Income verification — upload flow showing document selection, file upload, AI document validation and payslip review screens

A client asked whether AI could speed this up. The brief was open-ended, so I identified where the real bottleneck was and proposed a solution: the IDP (Intelligent Document Processing) tool that uses AI to extract the key data from uploaded documents and show it alongside the source so the employee can verify it rather than hunt for it.

Backbase Case Manager — Verify income task with AI-generated payslip summary showing payments, deductions and net pay alongside the source document

This was also helpful on the applicant side. If the user uploaded the wrong document type or month the tool would flag it before it was sent to the bank.

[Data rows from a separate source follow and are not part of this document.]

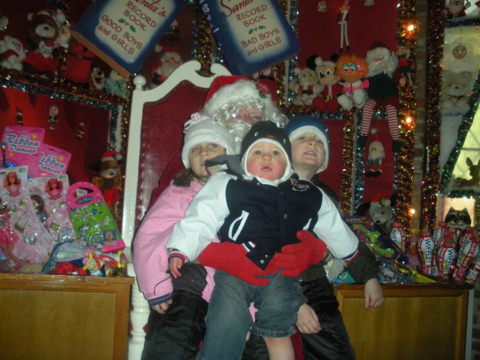 Lincoln loved playing with his big cousins, and they were both so great with him, especially Mallery. On Wednesday we went to this place called “Christmas Village.” It’s basically set up like the North Pole. There’s Santa, Mrs. Claus, reindeer, and a toy shop. It’s really cute. Here are the three kids sitting on Santa…Lincoln looks enormous!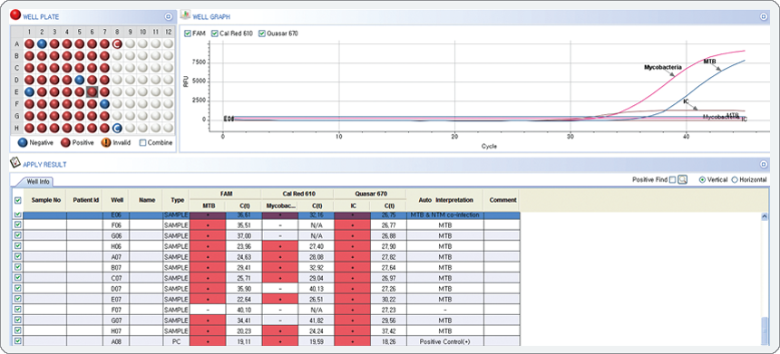 Anyplex™ MTB/ NTM Real-time Detection detektiert Mycobacterium tuberculosis (MTB) bei einer gleichzeitigen Differenzierung von nichttuberkulösen Mykobakterien (NTM). Dieser Assay beruht auf der urheberrechtlich geschützten Technologie DPO™ und einer Multiplex-Echtzeit-PCR. Er liefert schnelle und genaue Ergebnisse zur effizienten Diagnose und Behandlung von TB.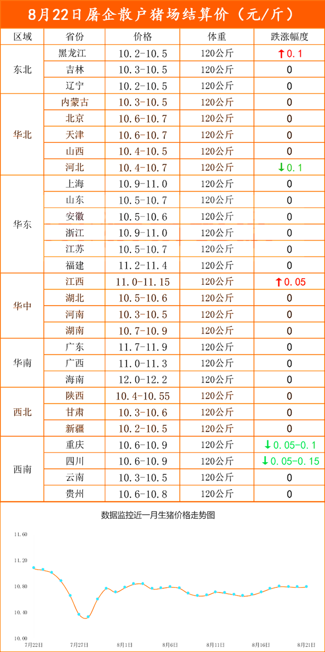其中,东北地区,猪价横盘10.2~10.5元/斤。在华北地区,猪价10.3~10.7元/斤;而在南方市场,川渝两地10.6~10.9元/斤,华东大部行情企稳10.5~11.4元/斤。华中地区,屠企报价10.3~11.15元/斤……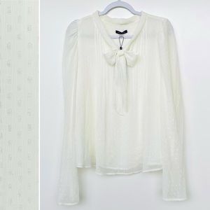 Tommy Hilfiger Georgette Shirt Tie-Neck Swiss Dot Textured Long Sleeve Pin-tuck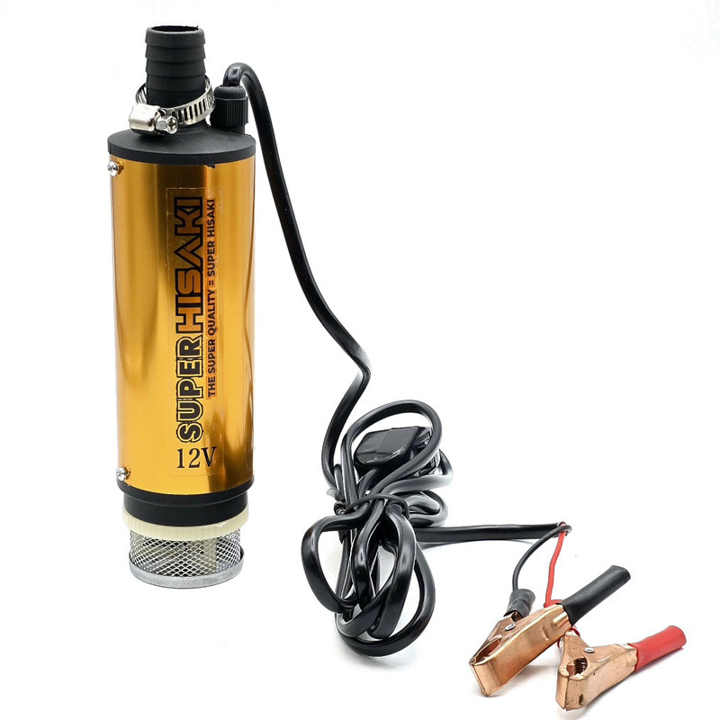 پمپ گازوئیل کش با برق 12 ولت (برق باطری خودرو ها) کار می کند. این پمپ میتواند از داخل مخزن یا باک ماشین آلات (بنزین ، گازوییل، روغن، کروزنو، پارافین، روغن هیدرولیک و سایر روغن ها ) سوخت کشی انجام دهد. این پمپ ها می توانند از ارتفاع 2.5 متری مکش کرده و با قدرت بسیار بالا تا 5 متر ارتفاع سوخت رسانی انجام دهد.از ویژگی های مهم این پمپ ها سرعت سوخت کشی است. در واقع به علت نیروی خوب موتور این پمپ ها، به راحتی می توان انتقال را انجام داد. در واقع به علت نیروی بالای موتور پمپ گازوئیل کش برقی ماشین آلات راهسازی، به راحتی می توان انتقال را انجام داد.پمپ تخلیه گازوئیل دارای انبرهای سوسماری شکل برای اتصال به برق باطری می باشد

The experience was designed and shipped in under 3 weeks and it was built to roll out across other clients in the future.

Loan Offer

The loan offer is the point where users decide whether to accept, so the priority was making the key information easy to understand at a glance. I structured the layout to clearly separate what the user receives from what the loan costs, prioritising the loan amount and APR, while keeping supporting details like finance charge and total repayment visible but secondary.

To avoid overwhelming users, I broke the information into clear, scannable sections instead of dense blocks, making it easier to compare key numbers quickly. More complex details, such as the amortization schedule, were moved behind secondary actions, while legal content was placed lower in the hierarchy. This kept the main decision simple while still providing full transparency when needed.

Your loan offer — personalised financing, APR, finance charge and repayment summary

Outcome

The redesigned experience made the journey easier to use and easier to understand. Users could input values more precisely, understand financial outcomes more quickly and move through the flow with less friction.

It also introduced more consistent and scalable interaction patterns and contributed to the design system by validating a reusable selection component. Together, these improvements strengthened the overall product and helped drive adoption across 12 client implementations.